Droit à l’éducation pour les sans-papiers
Cette école vous est interdite
En réaction à un article de La Presse faisant écho aux efforts du Collectif éducation sans frontières, un sombre chroniqueur du Journal de Montréal invitait récemment son lectorat à ne pas « se laisser intimider » par la rhétorique des « idéologues du sans-frontiérisme » évoquant l’« inhumanité » des décisions du système d’immigration canadien qui se débarrasse d’un nombre grandissant d’êtres humains jetables venus d’ailleurs et qui deviendront des sans-papiers privés de droits fondamentaux s’ils refusent l’ordre de déportation et les pénibles conséquences d’un retour forcé au pays qu’ils ont fui. Il était alors question d’enfants – des milliers au Québec – exclus des écoles faute de statut migratoire. Avertissement : le présent article pourrait vous intimider.

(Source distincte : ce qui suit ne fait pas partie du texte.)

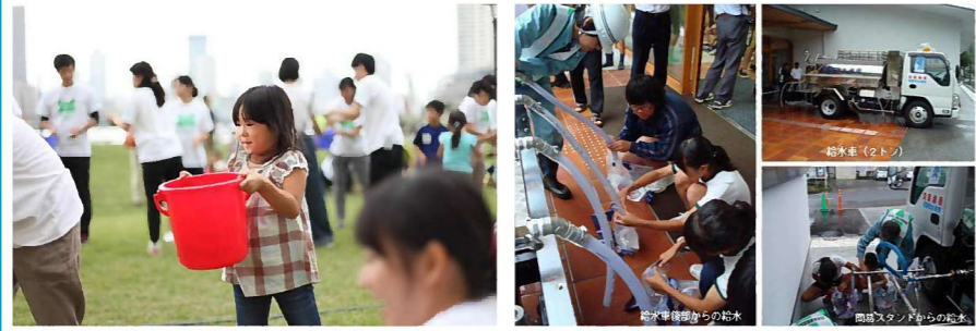
広場での給水活動などのイベントの様子

Plus attaché à la consigne primaire suivant laquelle il faut respecter les lois et « nos » institutions, Mathieu Bock-Côté fait totalement l’impasse sur ce que signifie concrètement, pour qui en est privé, le fait que le « tampon administratif » qui donne la citoyenneté juridique agit comme une prérogative à laquelle sont liés des « droits et privilèges ». Dans la région montréalaise, ils sont entre 40 000 et 50 000 sans-papiers à vivre du mauvais côté de la ligne qui sépare les personnes qui ont un certain nombre de protections et de droits et celles qui ne les ont pas. Résider dans les zones de non-droits, là où l’État ne vous reconnaît pas comme membre de la société à laquelle vous participez pourtant, c’est être exposé·e à une précarité et une vulnérabilité sociales, d’autant que vous faites partie des personnes les plus discriminées, stigmatisées et racisées. N’ayant pas droit aux normes du travail, vivant avec la peur d’être dénoncées, arrêtées, détenues et déportées, les sans-papiers sont contraintes d’accepter les pires conditions de travail et les pires conditions salariales, formant une des parties les plus exploitables et corvéables du salariat québécois et canadien. En dehors du travail, ils et elles sont privées d’autres droits fondamentaux, à commencer par l’accès aux soins de santé, aux garderies, au logement social, aux centres d’hébergement, etc. Il en est de même de l’accès à l’éducation.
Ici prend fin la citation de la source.